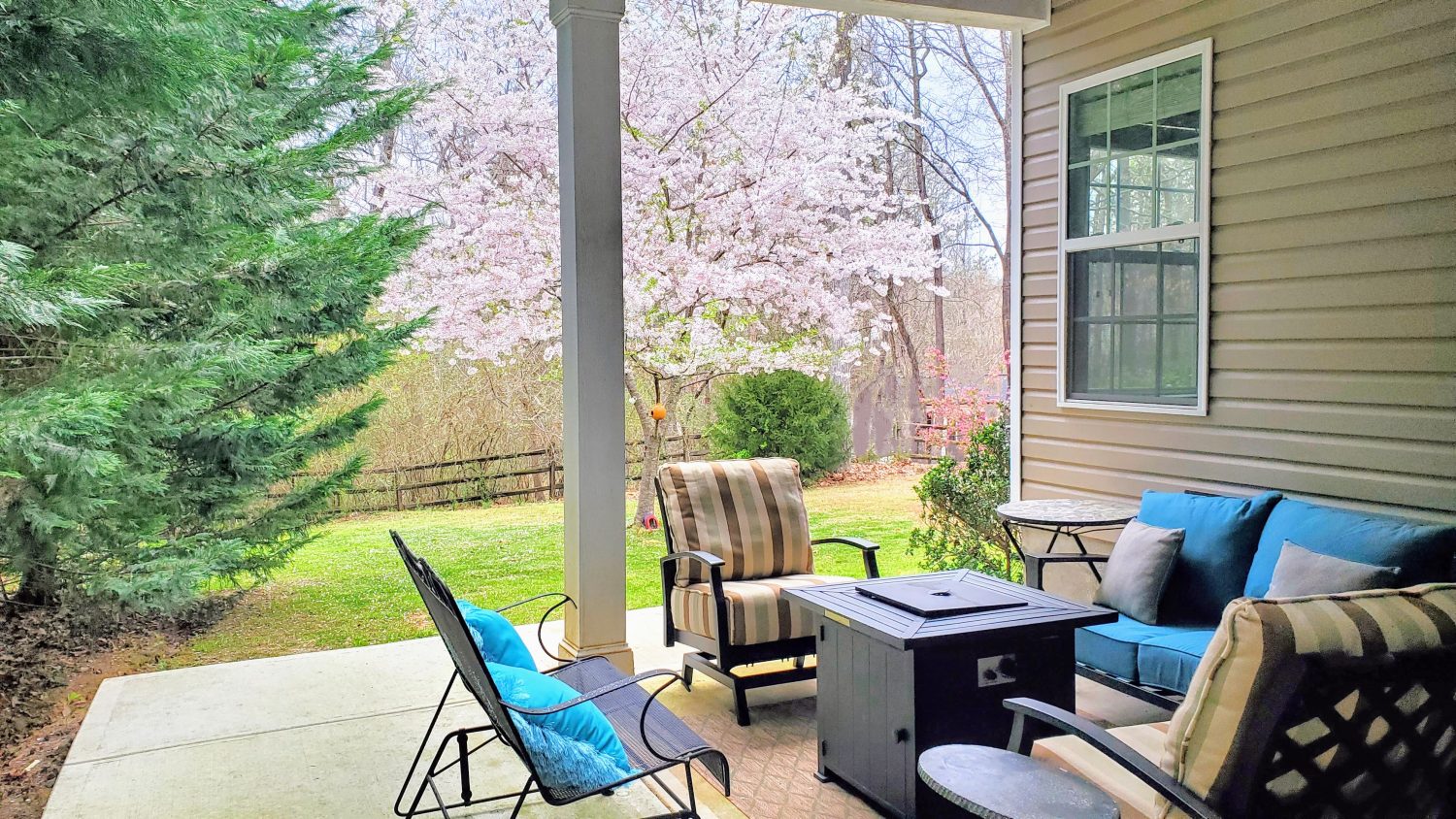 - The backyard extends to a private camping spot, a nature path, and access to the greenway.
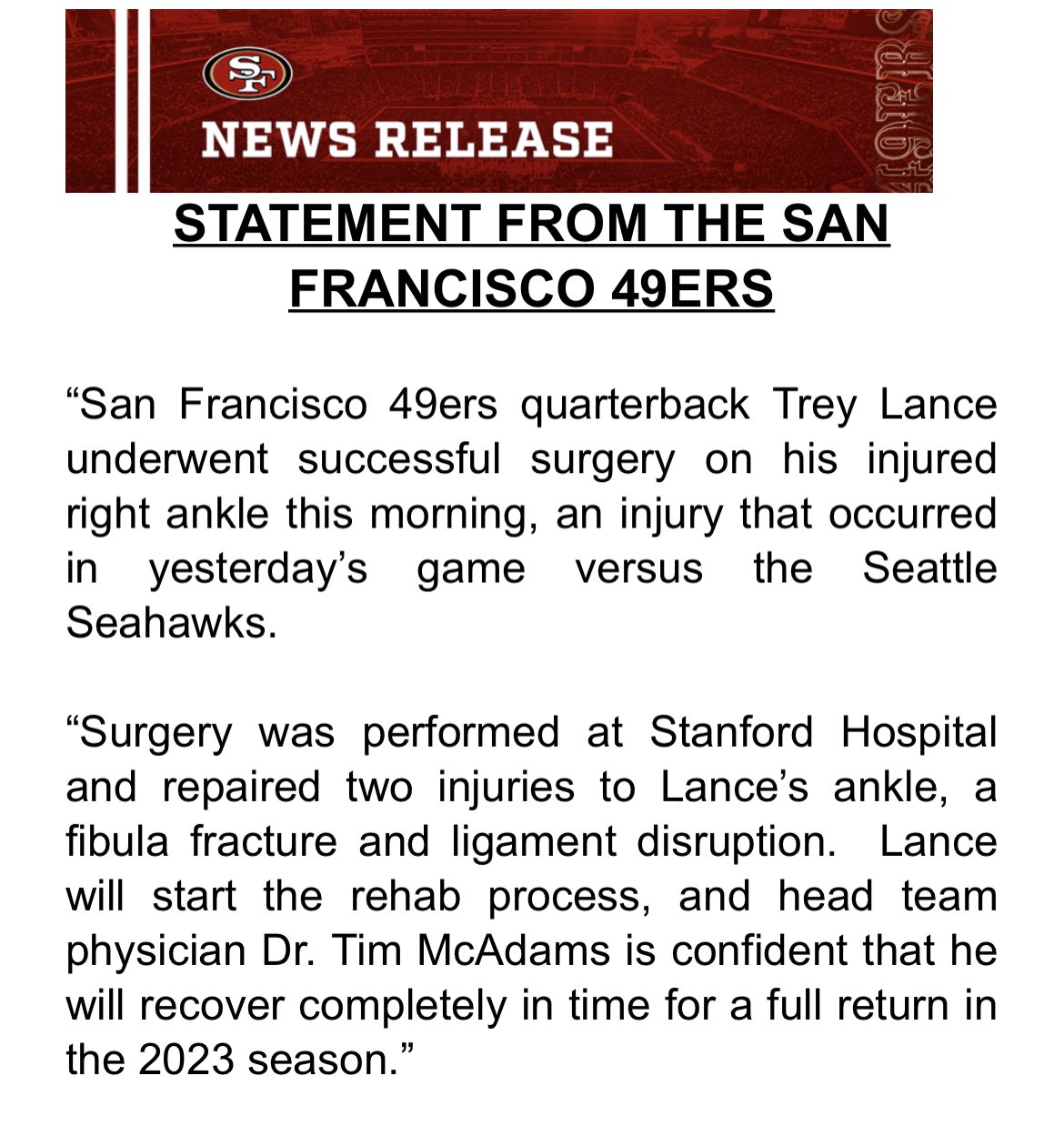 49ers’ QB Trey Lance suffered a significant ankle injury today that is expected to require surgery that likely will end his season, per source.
* * *
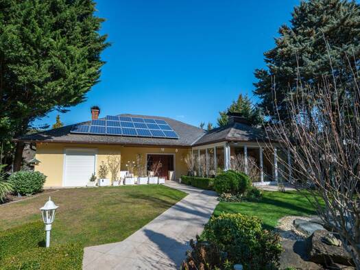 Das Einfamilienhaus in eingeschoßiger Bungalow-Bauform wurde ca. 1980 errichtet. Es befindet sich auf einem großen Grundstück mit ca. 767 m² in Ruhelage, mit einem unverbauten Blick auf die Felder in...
* * *
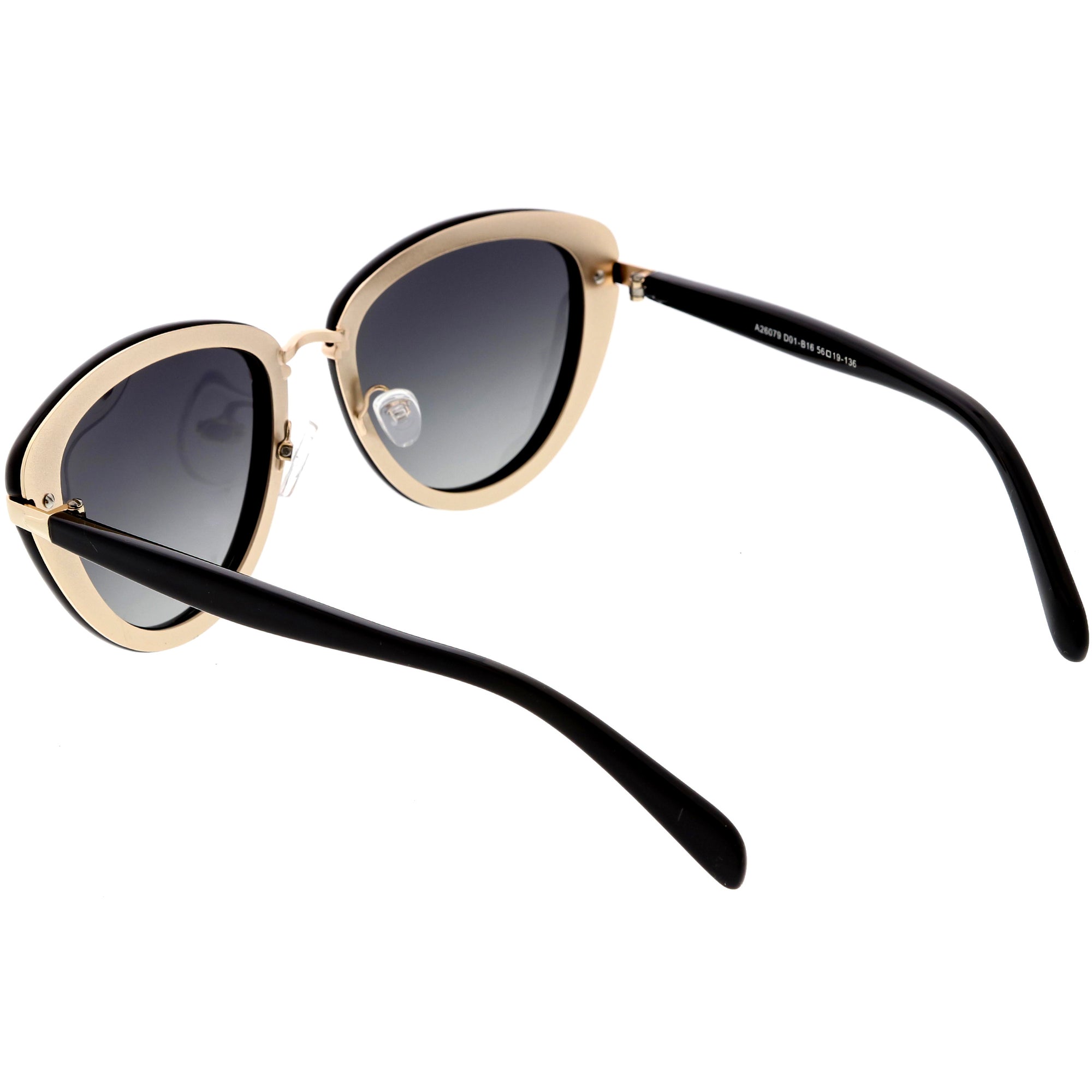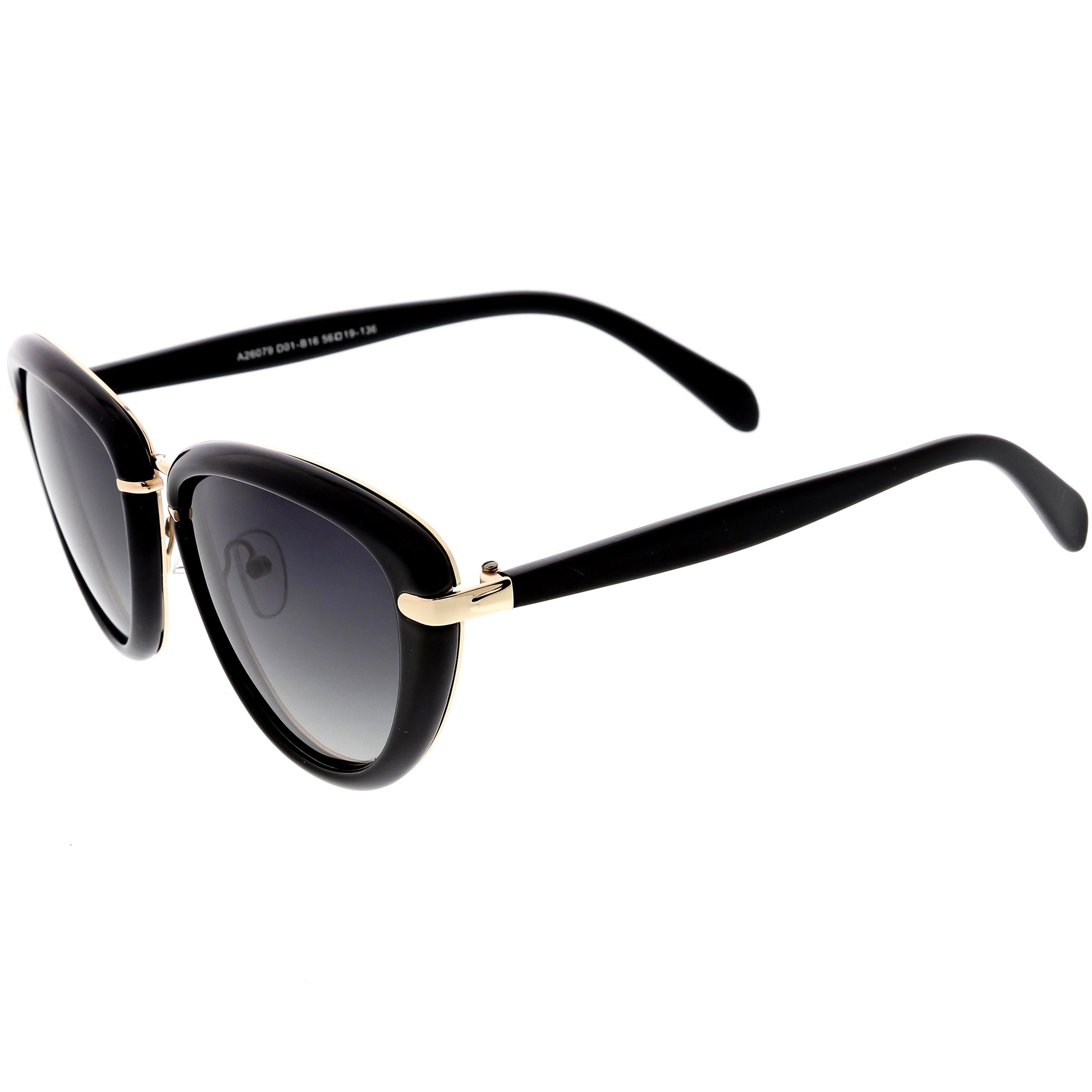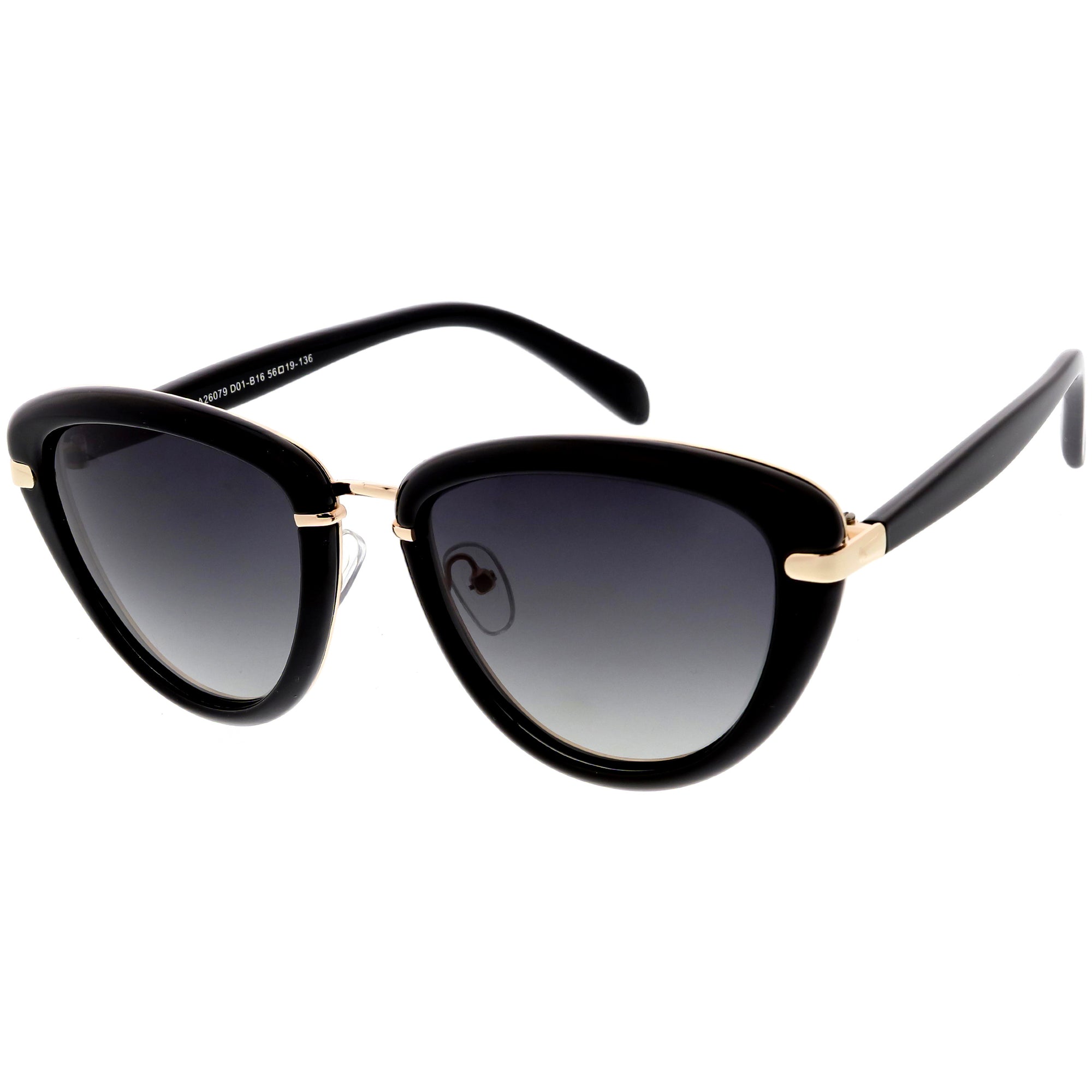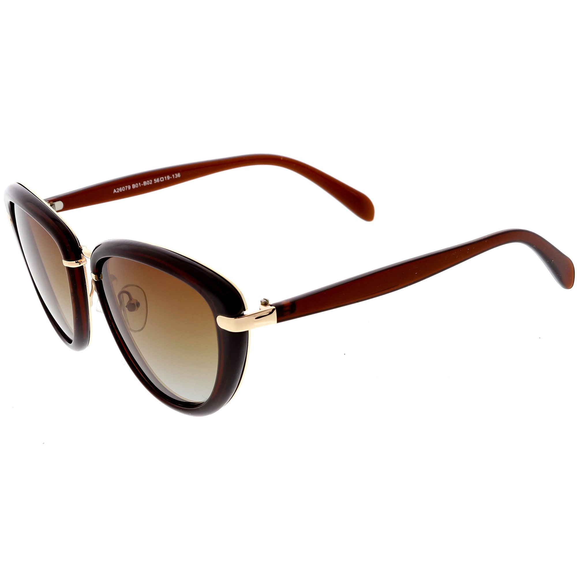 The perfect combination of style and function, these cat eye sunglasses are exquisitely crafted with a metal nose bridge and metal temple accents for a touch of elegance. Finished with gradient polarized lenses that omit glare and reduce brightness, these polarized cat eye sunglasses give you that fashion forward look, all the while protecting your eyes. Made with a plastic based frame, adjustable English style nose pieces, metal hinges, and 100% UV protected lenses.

• **Work to complete**:
The data above holds the lines to copy: start at the one with "- The backyard", stop at the one with "49ers’ QB Trey", include both, copy them exactly without pictures, and copy nothing else.

• **Response to the exercise**:
 - The backyard extends to a private camping spot, a nature path, and access to the greenway.
 49ers’ QB Trey Lance suffered a significant ankle injury today that is expected to require surgery that likely will end his season, per source.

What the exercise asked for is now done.